Scheduling Extensions in Kubernetes

TL;DR: this article shows a simple example in golang on how to write a kubernetes scheduler extension, and how to configure the default scheduler to use the extension.

Introduction:

In computing, we refer to scheduling as the method by which tasks are assigned to resources that complete the tasks. For the Kubernetes scheduler, these tasks are pods that need to be assigned to nodes.

A pod is a grouping of one or more containers including processes and threads that will consume compute resources such as CPU, Memory, Storage, etc. From that perspective, a pod has resource requirements. The node in a Kubernetes cluster is a machine (physical or virtual) hosting the Kubernetes Kubelet (the agent responsible for managing the lifecycle of the containers in the cluster). As such, the node has resource capabilities that reflect its capacity (e.g., number of CPUs and memory size).

The scheduler is a core component of the Kubernetes cluster. However, and contrary to the common belief, it is not a mandatory one. To illustrate this point, let’s take a (simplified) look at the sequence of events that takes place when a pod of created, as illustrated in the figure below:

When a user creates a pod in Kubernetes, e.g., using the Kubectl CLI, the pod description is stored through the Kubernetes API-server (persisted with Etcd). The scheduler is constantly listening for pods that have not yet been assigned to nodes. I.e., the value of the nodeName attribute in their Spec section is not set.

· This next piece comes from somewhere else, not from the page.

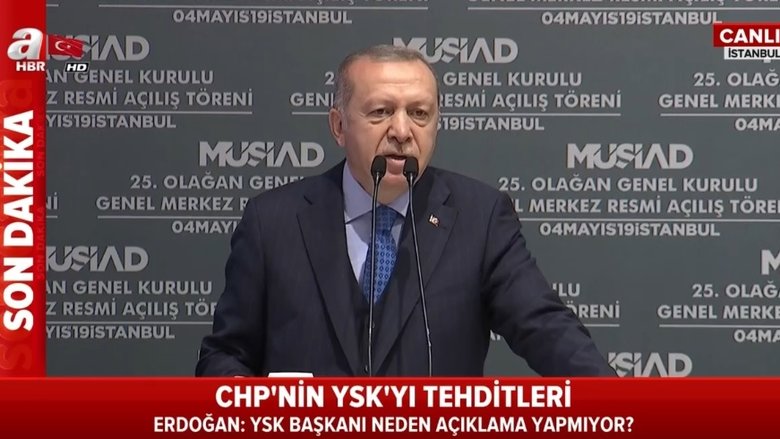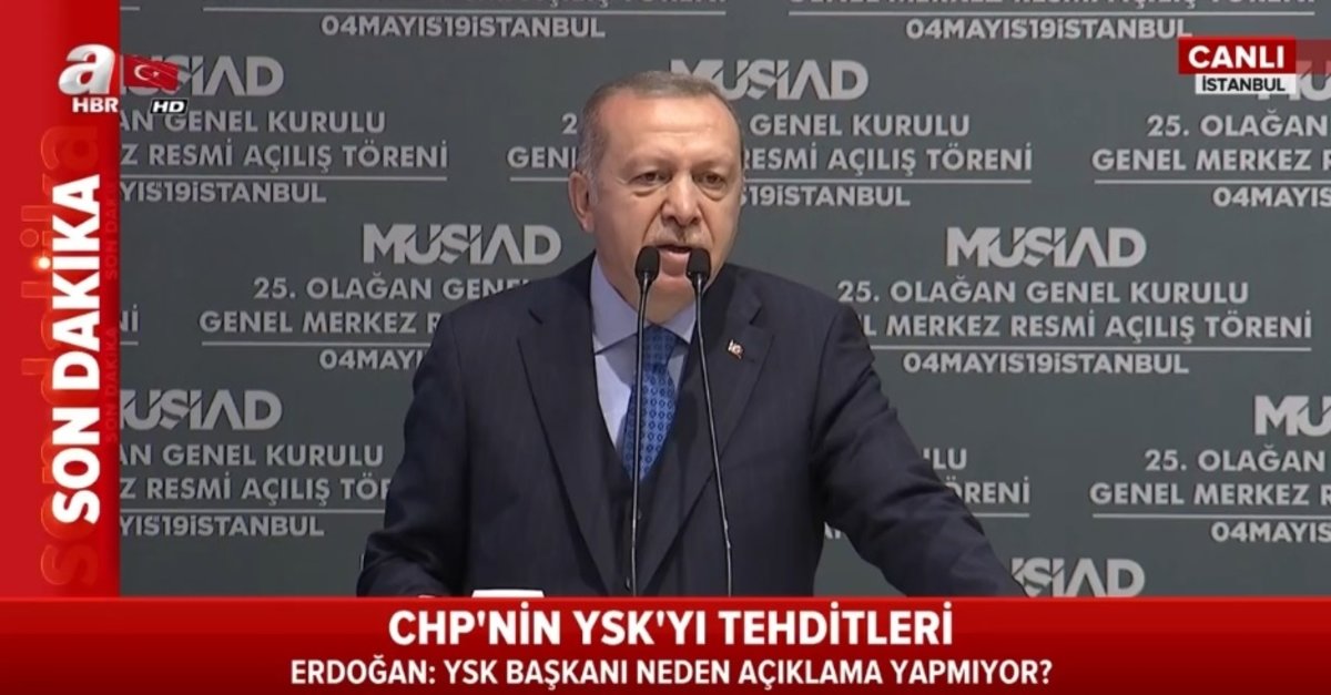 MÜSİAD 25. Olağan Genel Kurulu'nda konuşan Başkan Erdoğan, CHP vekillerinin İstanbul seçimleriyle ilgili YSK'yı tehdit eden açıklamalarına sert çıktı. Erdoğan, "Çabamız usulsüzlüklerle, yolsuzluklarla hukuksuzluklarla 31 Mart'ı kurban etmek istemiyoruz. İstanbul'da oyun var, yolsuzluklar var. CHP, YSK'yı uzun zamandır tehdit ediyor, YSK Başkanı çıkıp neden açıklama yapmıyor? 'Bizi nasıl tehdit edersiniz' demiyor? Ortada bir yolsuzluk var. Bu şaibenin bu yolsuzluğun ortadan kalkması gerekiyor." ifadelerini kullandı.

When such a pod is encountered, the scheduler will go through the list of available node in the Kubernetes cluster, and select the optimal node for the pod (we will illustrate the selection process in the next section). The scheduler cannot modify the Specs of the pod; instead it creates a Binding resource that refers to the pod and has in the target field the selected node name as value. The API-server then performs a few checks (such as making sure the pod is not in a terminating state, or already assigned), and then modifies the pod Spec and sets the nodeName attribute accordingly, and changes the pod status conditions to PodScheduled. Only then, the Kubelet of the node with the target name gets the pod description and starts creating containers using container runtime. And thereafter updates the pod status to Running (assuming no errors occur).

Avoiding the Scheduler:

As shown in the figure above, the scheduler is not on the critical path for creating pod and having its containers executed. In other terms, as long as we find a way to set the nodeName attribute, we can ensure the Kubelet will handle the lifecycle of our pod’s containers. Even if the scheduler is missing.

Statically Specify the `nodeName`:

We can circumvent the use of the scheduler all-together by creating a pod with the nodeName already specified.

Kubectl create -f- <<EOF
apiVersion: v1
kind: Pod
metadata:
  name: assigned-pod
spec:
  nodeName: worker-node2 #statically assigned node
  containers:
  - name: nginx
    image: nginx
EOF

In the above pod description, we are specifying nodeName to a specific node in our cluster; hence there is no need for the scheduler. The desired node will pick up the pod description and create the pod with an nginx container.

Obviously statically assigning a pod to a node is not an optimal solution. If such a node fails or becomes unavailable, the pod will be left without scheduling. Moreover, we are not verifying the available capacity on the node before assigning the pod to it.

Manually creating `Binding`:

An alternative solution to statically assigning nodes to pods is to manually create the binding resource, after creating the pod. An example Binding is shown below. In this Binding we are instructing Kubernetes to assign unassigned-pod to node worker-node2

Kubectl create -f- <<EOF
apiVersion: v1
kind: Pod
metadata:
  name: unassigned-pod
spec:
  schedulerName: do-it-manually # therefore, it will be ignored by the default scheduler
  containers:
  - name: nginx
    image: nginx
EOF

We can clearly see that this pod is unscheduled, and stuck in a pending state:

kubectl get pods --field-selector spec.nodeName=""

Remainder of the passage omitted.